To ensure your messages get to the right people, consider the following strategies.

  • Segmentation: Email list segmentation splits your contacts into market segments based on predetermined conditions. For example, your welcome email goes to new subscribers, while a discount promotion goes to a specific group of current customers. Segmenting your list can help improve your email open rate, deliverability and responses.

  • Drip campaigns: After you collect and segment your list, harness the power of drip campaigns — pre-written messages that go out automatically based on specific triggers. And the sooner you hit your segmented mailing list at a measured rhythm, the better response you’ll get.

“For some reason, many business owners don’t send out any campaigns at all or even segment their lists,” noted Malte Scholz. “Then a time comes up when they want to sell something, and they send a sudden email blast out of nowhere, and they wonder why the campaign flopped. If people subscribe and then they get the first email from you asking to buy something six months later, that just won’t work.”

Scholz stressed the importance of building a relationship with your recipients. “Send an email every now and then, and make sure that every new subscriber gets a welcome email first,” Scholz advised. “You wouldn’t ask someone you’re interested in to marry you on the first date, would you?”
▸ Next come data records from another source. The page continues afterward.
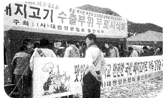
▲지난 2003년 10월 5일 개최된 울산지부 돼지고기 무료시식회 해 문제를 해결해야 한다.”며, “협회는 지부에서 하는 이야기에 귀를 기울여 어려운 여건을 이해하고 제시된 의견을 반영해 나감으로써 양돈인들의 권익보호를 위해 최선을 다하기를 바란다.”고 강조했다. 마지막으로 이 지부장은 “차조금 사업이 처음으로 집행되는 만큼 시행착오가 나타날 수 있겠지만, 최대한 공정하고 효율적으로 전개되길 바란다.”고 말했다. 양돈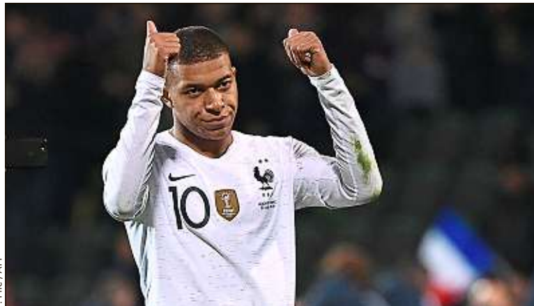
Contre la Moldavie, vendredi, Kylian Mbappé a souvent étalé sa frustration.

Il y a une semaine, contre l'OM, sa célébration mystérieuse, face aux ultras, pour le retour au Parc après l'immense déception de Manchester United, avait laissé perplexe. On avait aussi noté son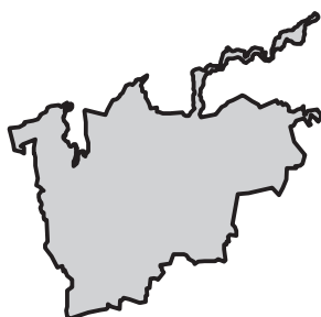
Brandenburg an der Havel

Historisches Gemeindeverzeichnis des Landes Brandenburg 1875 bis 2005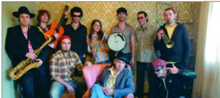
La Família Rústika actuarà el 23 de maig al Bulevard

Did You Know? Email blasts can be easily confused with spam, so executing them correctly is crucial. Make them concise, appealing and thoughtful, with a clear and on-point CTA.10. Don’t use a no-reply email address.

Email is a powerful way to connect with people, and you should think of it as a two-way street. When you send marketing emails to your customers, avoid using a no-reply email address. While it may be tempting, a no-reply address can hurt your marketing efforts in two ways: reduced deliverability and poor user experience.

  • Reduced deliverability: Some users have security settings that automatically send no-reply emails straight to their junk folder. This means your carefully curated marketing email may not even reach your customers’ inboxes if you use a no-reply email address.

  • Poor user experience: A no-reply address can diminish the overall customer experience with your brand. It can be frustrating if a customer wants to reply to one of your emails with feedback (or possibly to opt out of further messages) and receives an auto-response saying their message could not be delivered.